#### [Aim of the task]
With pictures left out, output exactly the lines of the listing below from the line that has "Elevate your brand" to the line that has "intermittent wipers |", both lines kept.

#### [Records for this exercise]

......

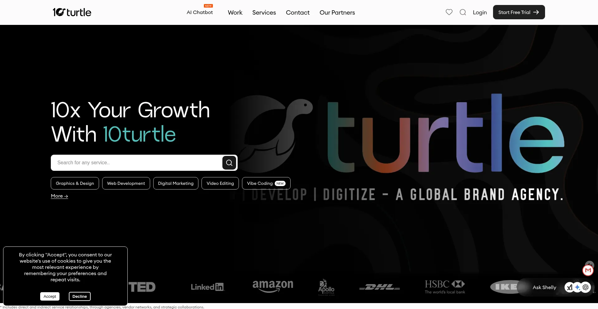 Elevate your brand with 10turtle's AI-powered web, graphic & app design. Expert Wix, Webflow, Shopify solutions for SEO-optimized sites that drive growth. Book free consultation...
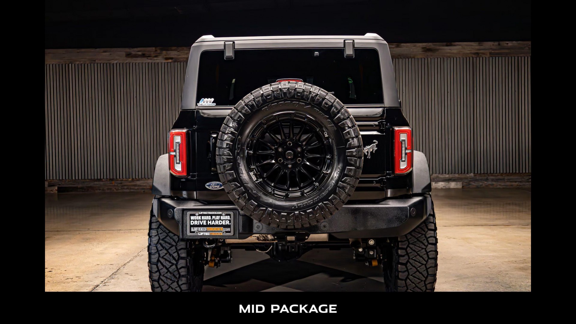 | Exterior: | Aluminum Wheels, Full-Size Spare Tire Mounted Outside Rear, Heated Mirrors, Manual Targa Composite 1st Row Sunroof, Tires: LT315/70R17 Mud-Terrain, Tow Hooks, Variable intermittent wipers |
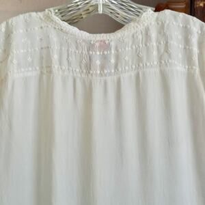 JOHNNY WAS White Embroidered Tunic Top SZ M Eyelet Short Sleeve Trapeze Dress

......

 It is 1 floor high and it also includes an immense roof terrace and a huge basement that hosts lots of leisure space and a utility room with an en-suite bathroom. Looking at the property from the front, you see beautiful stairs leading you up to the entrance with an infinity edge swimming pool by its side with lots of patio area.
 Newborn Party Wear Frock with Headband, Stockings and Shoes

......

#### [Response to this exercise]
 Elevate your brand with 10turtle's AI-powered web, graphic & app design. Expert Wix, Webflow, Shopify solutions for SEO-optimized sites that drive growth. Book free consultation...
 | Exterior: | Aluminum Wheels, Full-Size Spare Tire Mounted Outside Rear, Heated Mirrors, Manual Targa Composite 1st Row Sunroof, Tires: LT315/70R17 Mud-Terrain, Tow Hooks, Variable intermittent wipers |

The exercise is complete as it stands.